Publié en ligne le 15 juillet 2013 -
par Franck Ramus - SPS n°303, janvier 2013

« La souffrance psychique n’est ni évaluable, ni mesurable ». En prononçant cette phrase en 2004, devant une assemblée de psychanalystes, Philippe Douste-Blazy ne fit rien d’autre que de répéter l’une des tartes à la crème préférées des psychanalystes (toutes écoles confondues), qui leur sert de bouclier magique pour se soustraire à toute évaluation. C’est au nom de cet argument qu’il décida le retrait du site du ministère d’une évaluation collective de l’INSERM portant sur différentes approches thérapeutiques appliquées au soin de troubles mentaux. Qu’en est-il en réalité ?

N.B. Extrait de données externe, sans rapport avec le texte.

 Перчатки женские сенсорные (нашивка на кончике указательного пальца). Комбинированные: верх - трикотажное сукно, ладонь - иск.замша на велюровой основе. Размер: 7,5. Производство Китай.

Commençons par remarquer que la souffrance psychique est déjà largement évaluée et mesurée, dans le cadre des essais cliniques portant sur des médicaments. Personne, pas même un psychanalyste, n’accepterait que l’on mette sur le marché un nouvel antidépresseur sans qu’il ait auparavant fait la preuve de son efficacité. C’est-à-dire sans qu’il ait été démontré que la souffrance psychique des individus prenant ce médicament diminue significativement plus que celle d’individus ayant des troubles similaires prenant un placebo. La souffrance psychique est donc évaluable et évaluée. Pourquoi la même évaluation de la souffrance psychique que tout le monde exige et admet pour des médicaments ne conviendrait-elle pas pour des psychothérapies ?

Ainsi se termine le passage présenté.